Some of the fixes in this version, like require() on toString are observed and approved of. This document is also quite a bit less confusing (actually, I don't think it's confusing at all).
Oh! require("binary") -- this makes it impossible for a user to install, say, both Binary/B and Binary/D on the same system at once. I think require(X) where X is the literal version of
module.id would be wiser wording.
Incidentally, I am on working on a full COW system for BLOB-like things in GPSEE (we call them ByteThings) that provides a mechanism for making immutable-from-mutable without copies (unless you write to the mutable after creating the immutable). This will allow me, for example, to read a line from a file into a ByteArray, strip off the trailing newline, and yield a ByteString without copying. We already allow limited-scope use of mutable-as-immutable via call()/apply(), although that is not thread-safe. Conclusion: your observations re. backing-store memory in the specification are totally on-point.
(Maciej or others, if you want more info, let me know in another thread).
I still see huge problems with BitArray and BitString, aside from the fact that I do not believe they they belong in *this* module:
- Bit endianness is meaningless
- no mechanism for shift, roll, or, and, not, these are key bit-wise operations
- no mechanism to break up into words
- no mechanism to populate from words
- note that concepts of "words" automatically carry concepts of endianness
- No need to throw type errors on e.g. toByteArray when not multiples of 8 IMO. Bit-oriented code is virtually always assumed to pad zero to MSb as needed
- Inverse of valueOf should have consistent bit-size (52 IMHO FWIW)
And, why do I think "not in Binary/D"? Frankly, efficient implementation of some of those methods are non-trivial (lastIndexOf arbitrary bit sequence comes to mind), and yet, we NEED Binary for things like I/O. Complex pie-in-the-sky for a VERY select audience should not tie up implementation time for basic language building blocks.

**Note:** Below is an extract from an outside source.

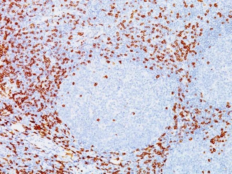 - CD8 is a cell surface receptor expressed either as a heterodimer with the CD8 beta chain (CD8 alpha/beta) or as a homodimer (CD8 alpha/alpha). A majority of thymocytes and a subpopulation of mature T cells and NK cells express CD8a. CD8 binds to MHC class 1 and through its association with protein tyrosine kinase p56lck plays a role in T cell development and activation of mature T cells. For mature T-cells, CD4 and CD8 are mutually exclusive, so anti-CD8, generally used in conjunction with anti-CD4. It is a useful marker for distinguishing helper/inducer T-lymphocytes, and most peripheral T-cell lymphomas are CD4+/CD8-. Anaplastic large cell lymphoma is usually CD4+ and CD8-, and in T-lymphoblastic lymphoma/leukemia, CD4 and CD8 are often co-expressed. CD8 is also found in littoral cell angioma of the spleen.

Number.toBitString and Number.toBitArray should not be defined with big-bit-endian order. Should be little-bit-endian, such that 0x2 >> 1 == 0x1.
"ByteString instances are comparable with the == and === operators based on equal order and respective values of their content."
Sorry, but that has to change. That is not implementable in ES3, I don't think it's implementable in ES5, and cannot be implemented with spidermonkey-latest without actually modifying the actual guts of the interpreter itself (=== is the hard one). I would be surprised if == or === were overloadable in v8. I also think (but am not sure) that this violates ES3. Same comments for BitString.
BTW, can you get some of the people who claim Bit(String|Array) would be useful in here? I would like to see pseudo-code (or code in other languages) before thinking about giving the nod to these objects.
I think you should also be careful with sentences like "coerced internally with the Number constructor". I believe this rule is too strong for a specification, that is an implementation guideline. "coerced per the ToNumber rule efined in ES3 15.1.2.3.4" or some such is probably more reasonable.
Encoding: If we are doing base-64, why not quoted-printable? Why not uuencode? What's special about base-N that warrants including here?
Character Sets: Did I miss seeing this, or did you miss putting it in? Something like
Converting to String causes the bytes in the ByteArray|ByteString to be interpreted as though they were bytes in character charset, converted to UTF-16xE* with each UTF-16xE entity stored as an element in the String. This means that a String, composed of a single Unicode character which is represented in UTF-16 with a surrogate pair will have a .length property equal to 2.
*UTF-16xE means UTF-16BE on big-endian machines and UTF-16LE on little-endian machines. This is another way to express "Native-order UTF-16 with the BOM (Byte-Order Marke eliminated". UTF-16BE and UTF-16LE are valid IANA character set names, defined in RFC-2781.
I'll also go on record again here saying that I'm not comfortable how the modifications to the standard classes are defined here. I would be happier if they were defined somewhere else, with pointers pointing here for details. Modifications to a group of classes should be documented together, not all over the place (although I personally favour no modifications to the standard classes which the programmer did not actually request).
FWIW, GPSEE will probably do something like this during standard-class initialization:
String.prototype.toByteString = function(charset) {
String.prototype.toByteString = require("binary").String_toByteString;
return String.prototype.toByteString(charset);
}
I guess you could call this a
Monkey-Thunk. (You saw it here first, folks!)
I'm not happy about having to execute extra code during engine start-up, but at least this prevents me from having to load and link another library when my script doesn't use the features. It also allows me to unload the library (if those features aren't used) if there are no references to it and memory pressure is high.
Wes
--
Wesley W. Garland
Director, Product Development
PageMail, Inc.
+1 613 542 2787 x 102